File extraction after checking hash.

Hi,

I was reading about the Files framework of Bro, and know that there are file analyzers available that can be attached to files that Bro sees on the network connection.
I am currently extracting all the ‘application/x-dosexec’ files from http connections, and realized that
there are lot of files that are just duplicates (i.e with same hashes).

Hence was thinking to write some bro script that would use Files analysis FW and checkes the hash of the file first against a set of hashes already seen (extracted) by Bro and will skip the extraction of that file if it’s present in the set of hashes.

I tried adding the files::add_analyzer(f, Files::ANALYZER_EXTRACT,…) in file_new event, file_sniff event and file_state_removed event(except it didn’t work here), but turns out that file_hash event triggers later than all these events and hashes get calculated after the file extraction analyzer has run.

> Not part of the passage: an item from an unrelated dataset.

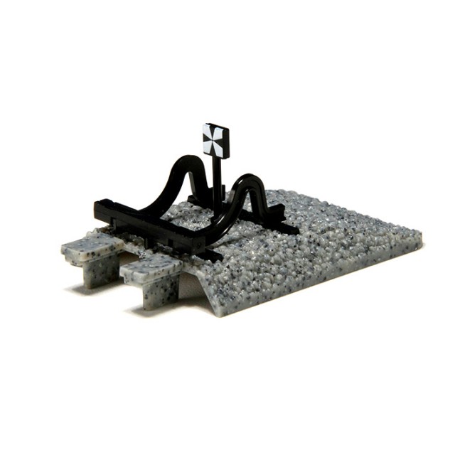 - 付属の車止め標識は板状の物を新規に製作、また車止め部の手前に設置する緩衝用枕木も付属。

Hence wanted to ask is it possible to add Files::ANALYZER_EXTRACT AFTER Files::ANALYZER_MD5 analyzer so that I can get the hash first to compare against the set before making a decision to extract the file?

Thanks,
Fatema.

Unfortunately not. Since we don't know the hash of the file when we see the beginning we can't yet determine that we don't want to extract the file. Sort of a chicken and egg problem. :slight_smile:

  .Seth

Thanks Seth for confirming!
I think we can go through the extractions afterwards and write some sort of script to delete the dups. :slight_smile:
And same for hashes, asked Wes Young about querying limit to cif server (REN-ISAC) for hashes.
I know that we can query the cif server for a given hash, and get back the results with cif confidence rate and other respective fields.
Hence will be writing some scripts to get unique hashes and malware execs from traffic :slight_smile:

Thanks!
Fatema.

So here’s a simple script that will add a column ‘uniq_hash’ to the files.log file that will show
whether bro has seen that hash before (in one day duration).

module Uniq_hashes;

redef record Files::Info += {

Adding a field column of host and uniq_hash to show from where

the file got downloaded and whether seen first time or duplicate.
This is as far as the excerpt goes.